Right to request a Good Faith Estimate

A Good Faith Estimate shows the costs of items and services that are reasonably expected for your health care needs for an item or service. The estimate is based on information known at the time the estimate was created. For questions or more information about your right to a Good Faith Estimate or the dispute process, visit U.S. Department of Health and Human Services (HHS) at www.cms.gov/nosurprises/consumers or call 1-800-985-3059.

The Good Faith Estimate does not include any unknown or unexpected costs that may arise during treatment. You could be charged more if complications or special circumstances occur. If this happens, federal law allows you to dispute (appeal) the bill.

If you are billed for more than the Good Faith Estimate, you have the right to dispute the bill.

You may contact your health care provider or facility listed to let them know the billed charges are higher than the Good Faith Estimate. You can ask them to update the bill to match the Good Faith Estimate, ask to negotiate the bill, or ask if there is financial assistance available.

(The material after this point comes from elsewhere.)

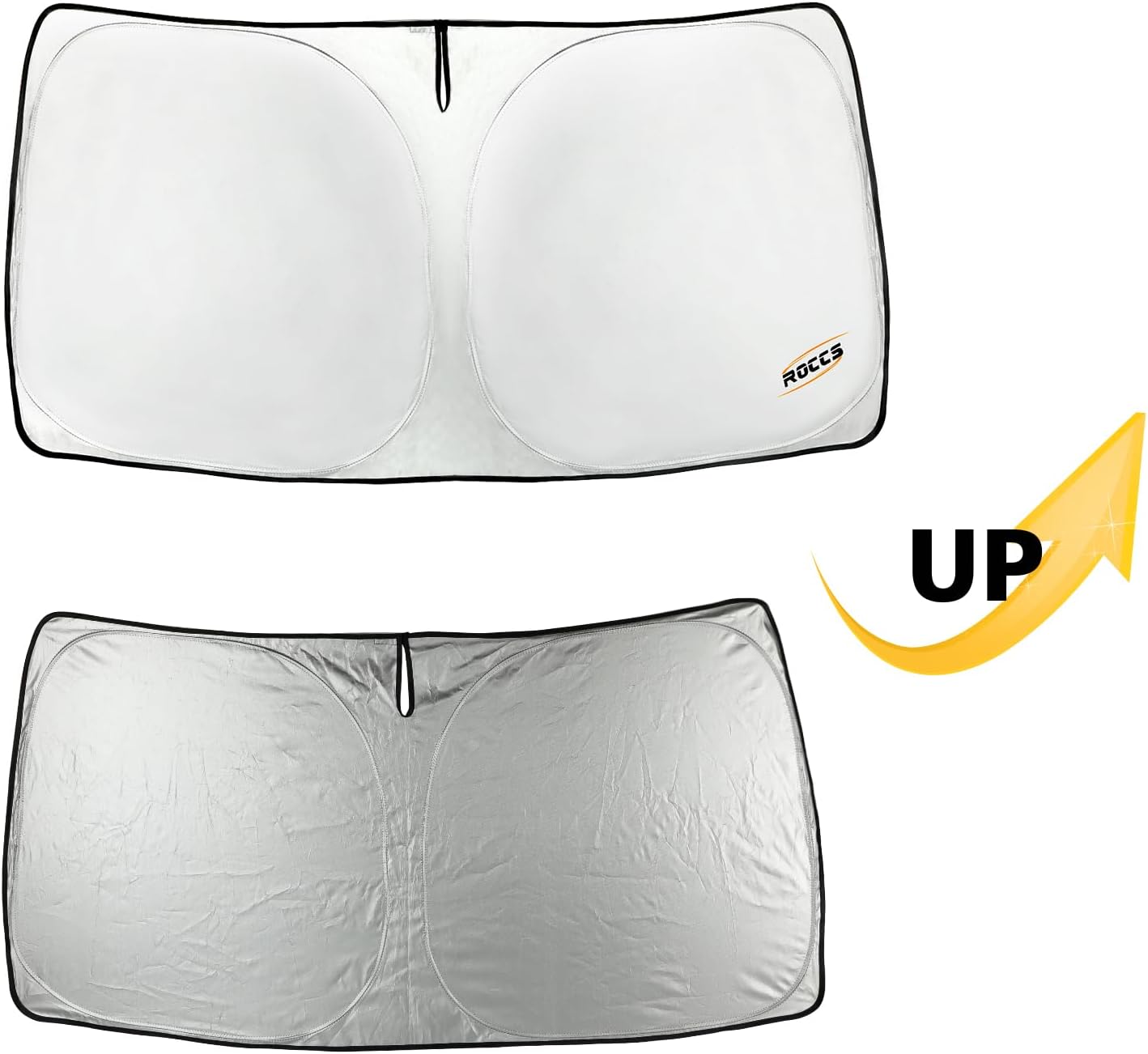 - UV Protective Barrier: ROCCS foldable 4runner sun shade utilizes premium 240T polyester UV-reflective fabric to effectively block 100% of harmful UV rays and solar heat radiation, safeguarding your dashboard, steering wheel, and leather seats from sun-induced fading and cracking.
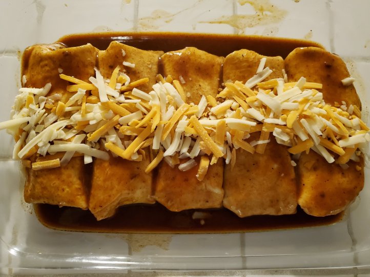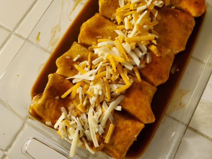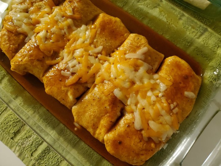 Mise en place. Like an assembly line… have flour tortillas, beef, refried beans, cheese and sauce all near. I did add a slurry to my sauce to make it slightly thicker consistency. Spread refried beans in center of tortilla, then beef, then cheese and roll, tucking ends in as you go. Place seam side down in 9×13 baking dish. Continue with more until pan is full. Then ladle sauce over burritos. Sprinkle cheese on top.. I used remainder for burritos without sauce and placed them in 8×8 dish 🤷♀️ I didn’t really need to do that part, you could stick them individually in microwave for 7 – 10 seconds. I was using the oven anyway so warmed others that way. Leave in oven until cheese is melted and bubbly; desired doneness, about 20 minutes at 350°. I never did look at a clock, I just looked in oven 🤣 Well! It works for me. As long as I’m not too busy, otherwise I’d set alarm for 20 minutes…to not forget.

You may also start a dispute resolution process with the U.S. Department of Health and Human Services (HHS). If you choose to use the dispute resolution process, you must start the dispute process within 120 calendar days (about 4 months) of the date on the original bill.

There is a $25 fee to use the dispute process. If the agency reviewing your dispute agrees with you, you will have to pay the price on the Good Faith Estimate. If the agency disagrees with you and agrees with the health care provider or facility, you will have to pay the higher amount.